[[ Dataset records, beginning ]]

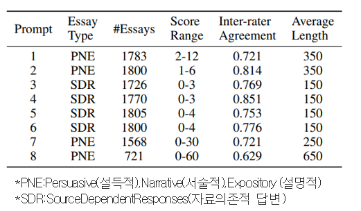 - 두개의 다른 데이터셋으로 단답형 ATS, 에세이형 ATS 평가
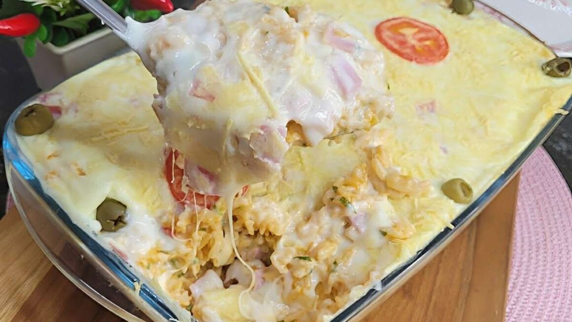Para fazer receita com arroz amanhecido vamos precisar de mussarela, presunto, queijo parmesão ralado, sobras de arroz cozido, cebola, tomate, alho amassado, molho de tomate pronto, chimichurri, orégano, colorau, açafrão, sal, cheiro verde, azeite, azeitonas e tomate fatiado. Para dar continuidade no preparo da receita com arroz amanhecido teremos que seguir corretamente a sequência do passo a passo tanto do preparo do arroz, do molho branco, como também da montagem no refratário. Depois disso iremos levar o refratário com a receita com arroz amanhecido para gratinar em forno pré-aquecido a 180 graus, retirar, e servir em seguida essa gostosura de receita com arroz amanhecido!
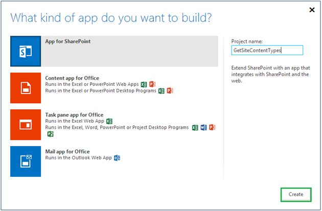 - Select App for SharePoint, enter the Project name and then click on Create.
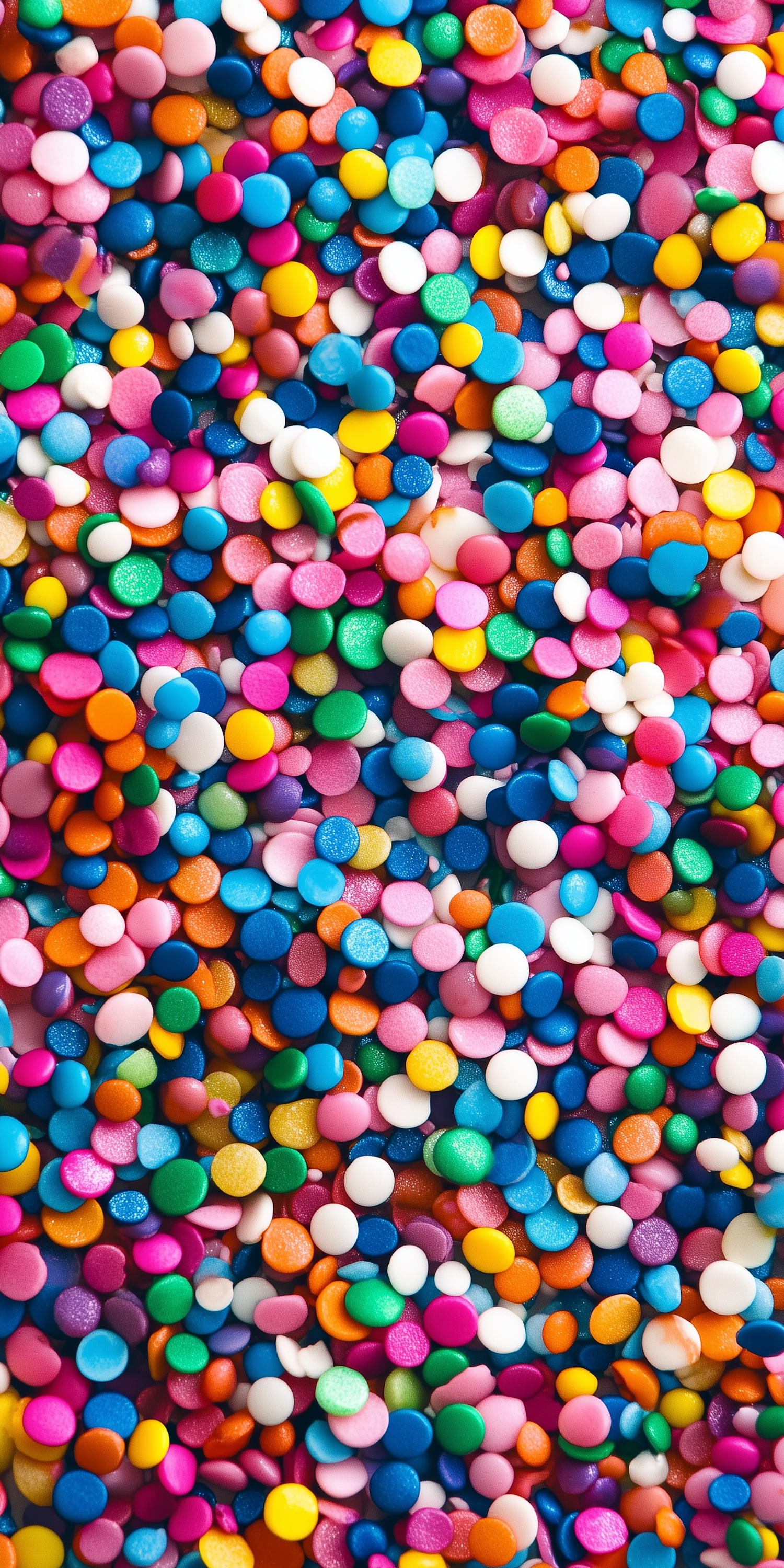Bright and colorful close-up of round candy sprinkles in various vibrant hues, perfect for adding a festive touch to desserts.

[[ Dataset records, end ]]
[[ Dataset records, beginning ]]

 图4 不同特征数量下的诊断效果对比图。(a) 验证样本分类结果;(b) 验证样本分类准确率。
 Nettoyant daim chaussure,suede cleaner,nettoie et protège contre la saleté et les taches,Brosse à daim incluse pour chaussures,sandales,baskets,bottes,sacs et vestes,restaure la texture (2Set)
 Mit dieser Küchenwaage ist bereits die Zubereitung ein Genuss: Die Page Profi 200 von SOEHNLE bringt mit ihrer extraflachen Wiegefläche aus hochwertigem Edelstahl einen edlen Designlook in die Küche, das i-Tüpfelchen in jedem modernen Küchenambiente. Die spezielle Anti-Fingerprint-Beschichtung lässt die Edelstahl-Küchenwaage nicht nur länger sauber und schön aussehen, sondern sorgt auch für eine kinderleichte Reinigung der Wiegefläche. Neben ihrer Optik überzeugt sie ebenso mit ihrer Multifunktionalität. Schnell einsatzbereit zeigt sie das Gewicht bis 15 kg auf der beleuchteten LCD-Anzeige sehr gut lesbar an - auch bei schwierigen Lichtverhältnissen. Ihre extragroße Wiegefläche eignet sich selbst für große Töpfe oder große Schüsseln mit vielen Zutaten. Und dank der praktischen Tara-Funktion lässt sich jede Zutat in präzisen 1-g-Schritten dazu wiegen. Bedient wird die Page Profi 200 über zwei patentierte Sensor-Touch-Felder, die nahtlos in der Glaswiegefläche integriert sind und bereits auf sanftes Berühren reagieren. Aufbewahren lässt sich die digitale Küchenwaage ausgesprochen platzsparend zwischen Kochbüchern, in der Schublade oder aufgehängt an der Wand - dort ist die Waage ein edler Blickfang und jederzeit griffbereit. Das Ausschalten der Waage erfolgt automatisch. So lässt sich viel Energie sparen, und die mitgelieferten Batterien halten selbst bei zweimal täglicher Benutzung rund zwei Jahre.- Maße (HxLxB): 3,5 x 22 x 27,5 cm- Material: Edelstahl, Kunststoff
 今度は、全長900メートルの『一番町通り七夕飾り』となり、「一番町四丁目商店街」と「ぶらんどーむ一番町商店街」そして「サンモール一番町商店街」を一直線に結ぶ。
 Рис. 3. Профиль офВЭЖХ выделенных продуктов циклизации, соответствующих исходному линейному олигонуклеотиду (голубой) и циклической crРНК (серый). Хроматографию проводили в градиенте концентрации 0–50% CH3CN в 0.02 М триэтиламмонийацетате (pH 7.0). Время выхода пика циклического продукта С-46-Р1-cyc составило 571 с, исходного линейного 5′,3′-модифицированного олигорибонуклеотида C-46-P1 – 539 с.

[[ Dataset records, end ]]

■ **Exercise prompt**
Among the lines above, find the one with "今度は、全長900メートルの" and the one with "Рис. 3. Профиль". Quote both and everything between them, exactly.

■ **Output of the exercise**
 今度は、全長900メートルの『一番町通り七夕飾り』となり、「一番町四丁目商店街」と「ぶらんどーむ一番町商店街」そして「サンモール一番町商店街」を一直線に結ぶ。
 Рис. 3. Профиль офВЭЖХ выделенных продуктов циклизации, соответствующих исходному линейному олигонуклеотиду (голубой) и циклической crРНК (серый). Хроматографию проводили в градиенте концентрации 0–50% CH3CN в 0.02 М триэтиламмонийацетате (pH 7.0). Время выхода пика циклического продукта С-46-Р1-cyc составило 571 с, исходного линейного 5′,3′-модифицированного олигорибонуклеотида C-46-P1 – 539 с.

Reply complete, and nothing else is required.